Genome-wide association (GWA) studies of colorectal cancer (CRC) have successfully replicated several susceptibility loci in populations of European ancestry. Most of the statistically associated tag SNPs do not correlate with any coding variants suggesting that the underlying functional variants responsible for the associations likely impact regulatory regions. Advancing basic research and translating GWAS findings into clinical benefit will be facilitated by identifying causal variants and their associated biological mechanism.

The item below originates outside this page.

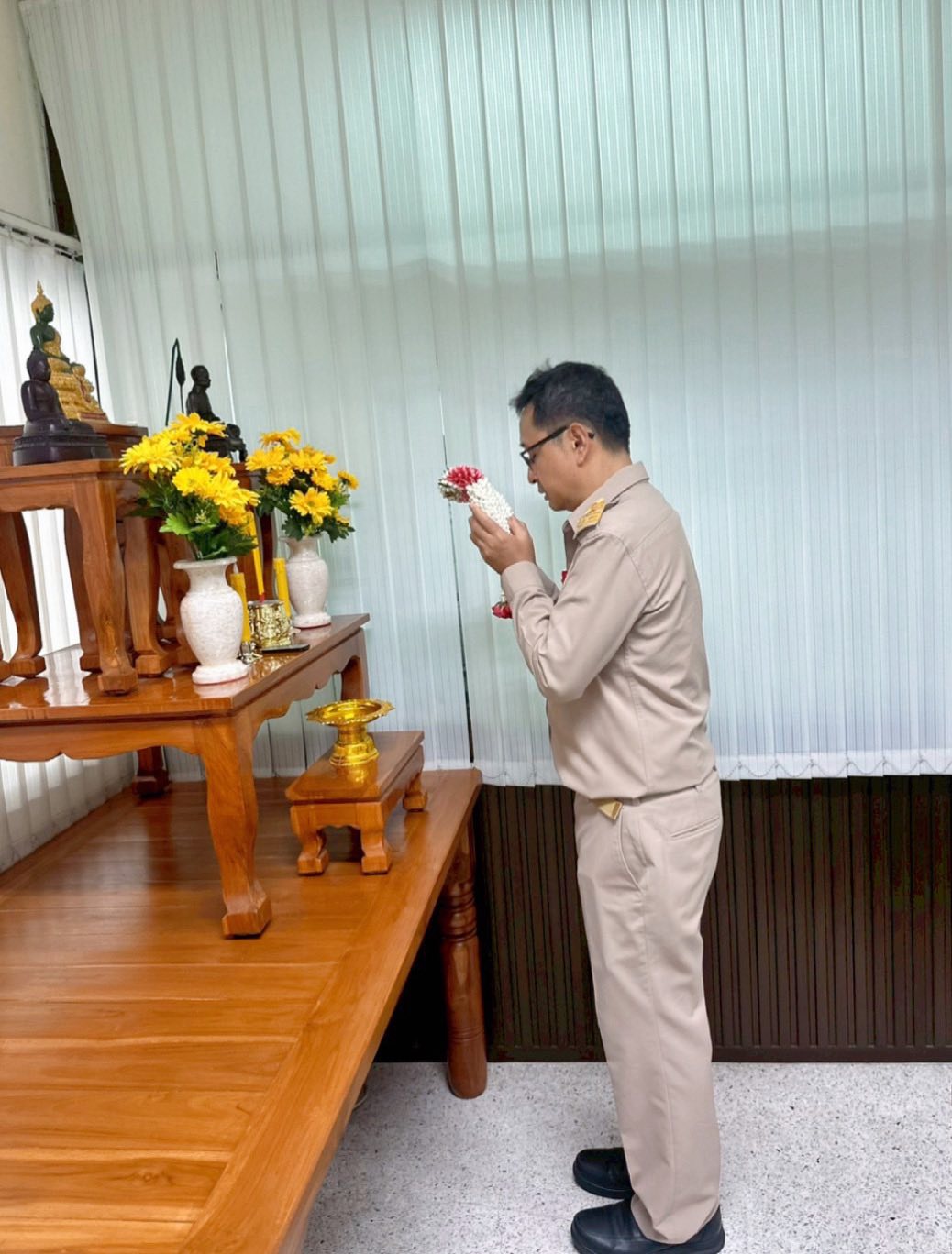 และกราบสักการะสิ่งศักดิ์สิทธิ์ ภายในสำนักงานอุตสาหกรรมจังหวัดลพบุรี อาทิ พระนารายณ์เกษียรสมุทร พระพุทธรูปประจำสำนักงานฯ ณ ห้องประชุมนารายณ์ ชั้น 3 ก่อนเข้าปฏิบัติราชการ ณ สอจ.ลพบุรี วันแรก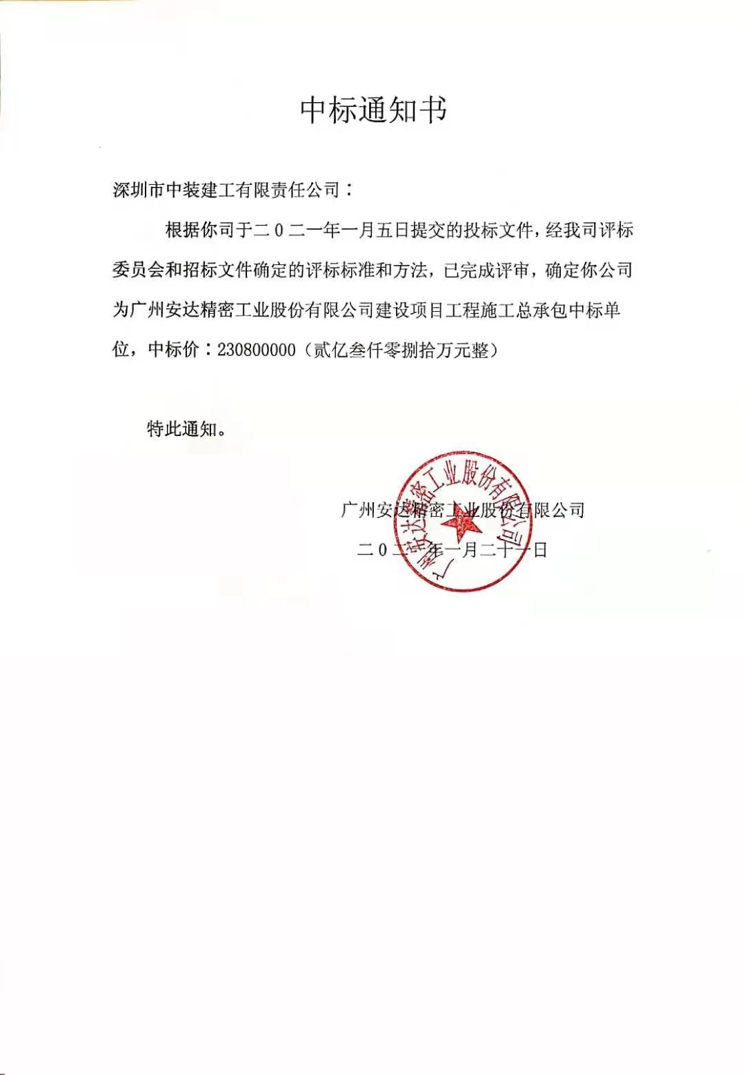 近日,中裝建工中標(biāo)廣州安達(dá)精密工業(yè)股份有限公司建設(shè)項(xiàng)目工程施工承包(以下簡(jiǎn)稱(chēng)“廣州安達(dá)股份施工總承包項(xiàng)目”),中標(biāo)金額為2.3億元。

We developed a ‘post-GWAS’ strategy to functionally dissect susceptibility regions that combines in silico prediction of functional alleles with a novel allelic reporter assay to quantify effects on gene expression. Functional predictions were made by compiling a list of correlated SNPs for each published CRC susceptibility loci and annotating each list for potential regulatory evidence consistent with enhancers, promoters, insulators and silencers. Using the UCSC Genome Browser, we aligned each variant with a combined browser view of several ENCODE tracks and compared allelic regions in JASPAR and ConSite to potentially identify variants that alter transcription factor binding sites (TFBS). A transparent overlay of various cell lines in the Histone Modifications Track was used to characterize functional regulation at low resolution. The DNase hypersensitivity track provided a more precise demarcation of the region for plasmid design. Evidence of altered binding sites through ENCODE's ChIP-Seq TFBS track, JASPAR and ConSite helped prioritize variants for further functional analysis. Use of 46-way PhastCons track in the Genome Browser was used as secondary evidence for a regulatory region, but lack of conservation did not rule out a candidate. Priority for in vitro analysis was based on strength of the functional annotation and ability to identify CRC associated genes that could reasonably be regulated by these predicted regulatory elements. Our in silico analysis identified 2 strong candidate SNPs falling in the promoter regions of GREM1 and CDH1, as well as, 4 probable candidates in the putative enhancer regions of CDH1 and BMP2.

In order to test our in silico functional candidates, we designed allelic promoter and enhancer constructs for each candidate variant and inserted them into custom pCI-neo vectors to drive expression of the ZSgreen reporter gene. These plasmids were semi-stably co-transfected into a colon cancer cell line, and after 14 days of growth cells with integrated plasmid were Fluorescence-Activated Cell Sorted into 4 quartiles of ZSgreen expression. To quantify the relative activity of our allelic plasmids, each pool was sequenced with Illumina's high through-put sequencing technology. We tested for statistically significant log fold changes between each cotransfected plasmid. Due to interdependence of signal between alleles we tested differences using a Poisson Generalized Linear Model in a step-wise manner. Blinded modeling of this method revealed that this approach could be used to test at least 24 allelic plasmids simultaneously. Although this study focused on susceptibility loci for CRC, this framework could be extended to rapidly test many functional hypotheses in other complex genetic diseases providing a high throughput approach to gain substantial new insight into the functional effects of GWAS findings.

This proffered talk is also presented as Poster 63.

Citation Format: Stephanie A. Rosse, Christina T. Chen, Orsalem J. Kahsai, Ahmad S. Zebari, Paul W. Livermore Auer, Graham Casey, Ulrike Peters, Christopher S. Carlson. Framework for post-GWAS functional annotation of regulatory regions associated with susceptibility loci for colorectal cancer. [abstract]. In: Proceedings of the AACR Special Conference on Post-GWAS Horizons in Molecular Epidemiology: Digging Deeper into the Environment; 2012 Nov 11-14; Hollywood, FL. Philadelphia (PA): AACR; Cancer Epidemiol Biomarkers Prev 2012;21(11 Suppl):Abstract nr PR3.